1 Users cannot grant themselves new permissions as a result of updating a resource. For example, users cannot change the value of an attribute to give themselves Update rights if they did not have those rights already.

2 Users cannot give away permissions that they had as a result of updating a resource. For example, if users have Read + Update rights, they cannot change the value of an attribute so that they can no longer Read or Update it.

3 Fail fast when possible: For example, in order to BOM load, users need to be able either to Create and Read and/or Update the parent roll-up and potentially any functional group roll-ups. aPriori checks these conditions up front and fails immediately if it finds a problem, before starting the BOM load operation.

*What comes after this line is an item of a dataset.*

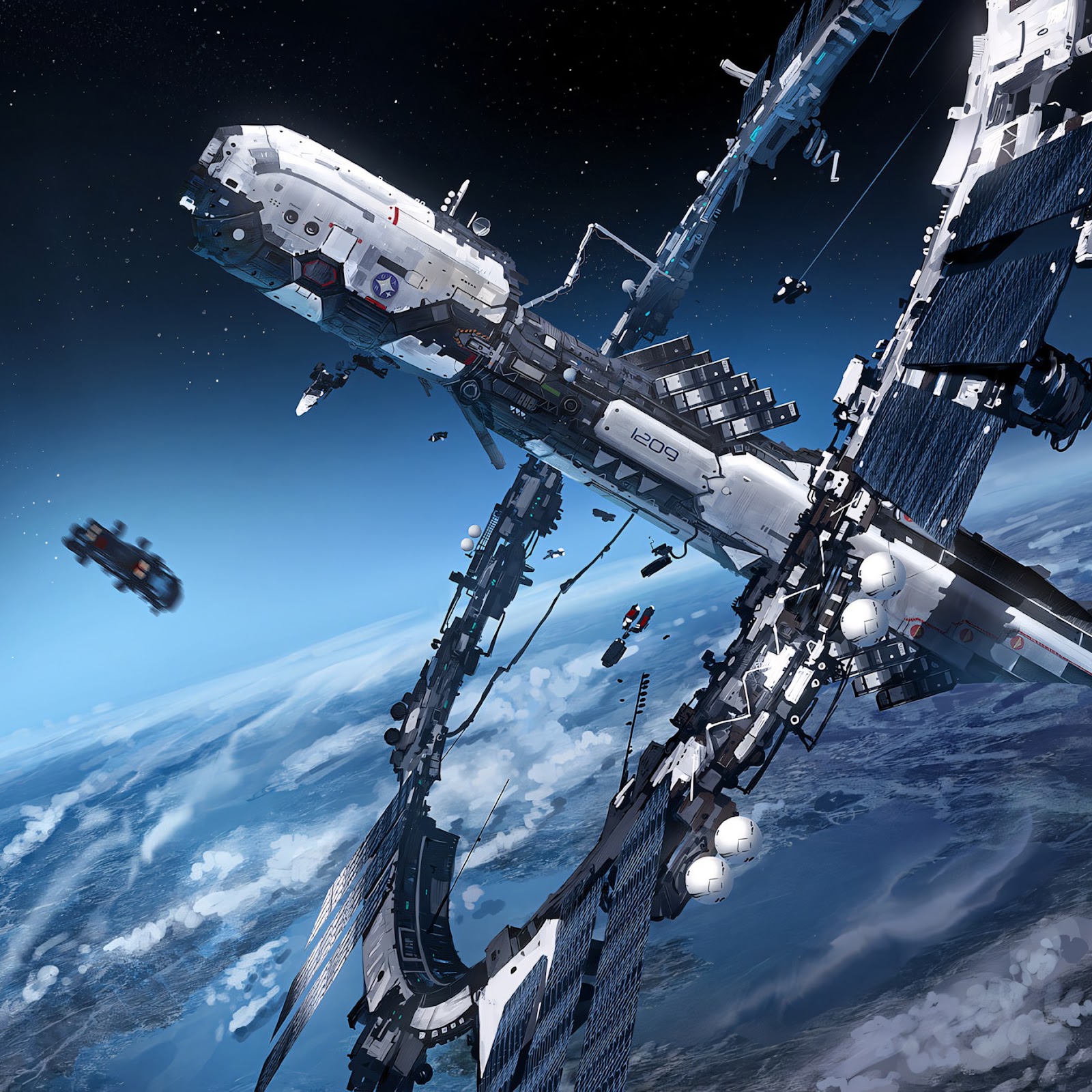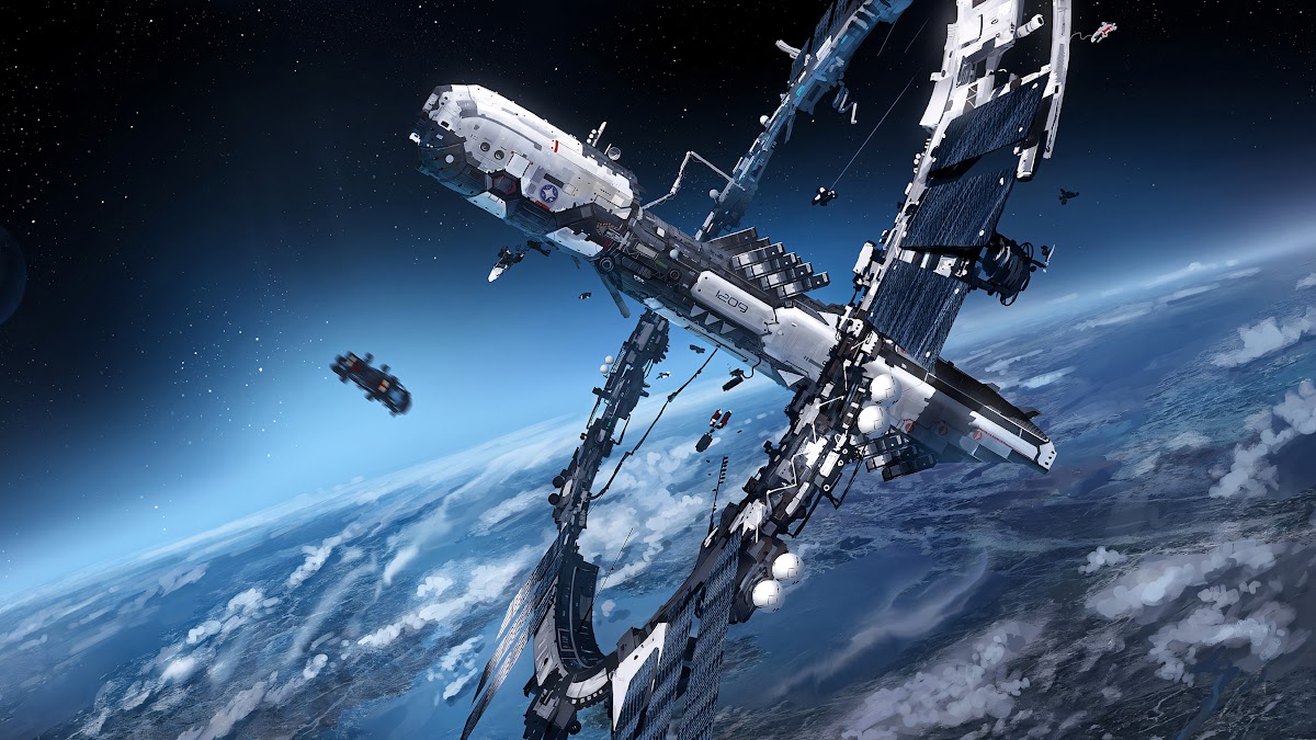 Space Station, Sci-Fi, Spaceship, Earth Orbit 2K Wallpaper Background (3296x1854)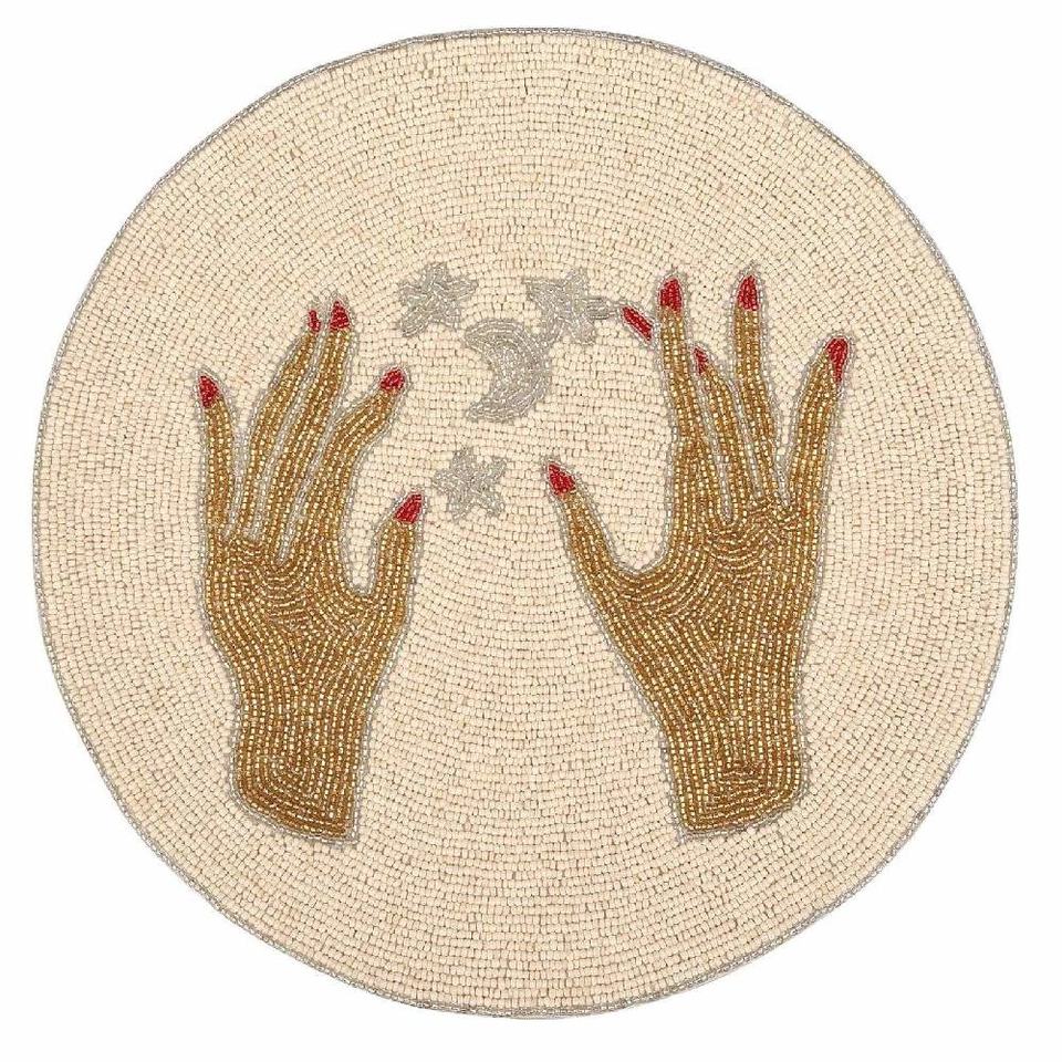 แผ่นรองจานทำมือแบบกันลื่น ประดับลูกปัดแก้ว โพลีเอสเตอร์ สำหรับโต๊ะอาหาร งานแต่งงาน งานเลี้ยง ตกแต่งบ้าน

4 Keep going and notify: Once past the initial "fail fast" checks, for operations that involve manipulation of multiple scenarios, aPriori skips over scenarios that fail due to Access Control but logs the issue and notifies the user. For example, after the initial check for roll-ups, the BOM loader loads everything it can and notes any access control failures.

5 Abort the entire operation: If any part of an Update operation fails due to Access Control, the entire operation is aborted and aPriori attempts to clean up (delete) any scenarios created up to that point. For example, Scenario > Save As > Scenario & Children could fail an Access Control check after already processing some number of scenarios. In this case, aPriori stops the save and cleans up any scenarios that were created. (Spreadsheet reports work in the same manner, except that there is no need to clean up.)

6 Check before destroy: aPriori checks Access Control permissions before deleting data. For example, using File > Import to import scenarios from an ".ap" file will delete any existing scenarios that conflict with the ones being imported. Before performing the delete, aPriori verifies that the importing user has the necessary permissions for the entire import to succeed.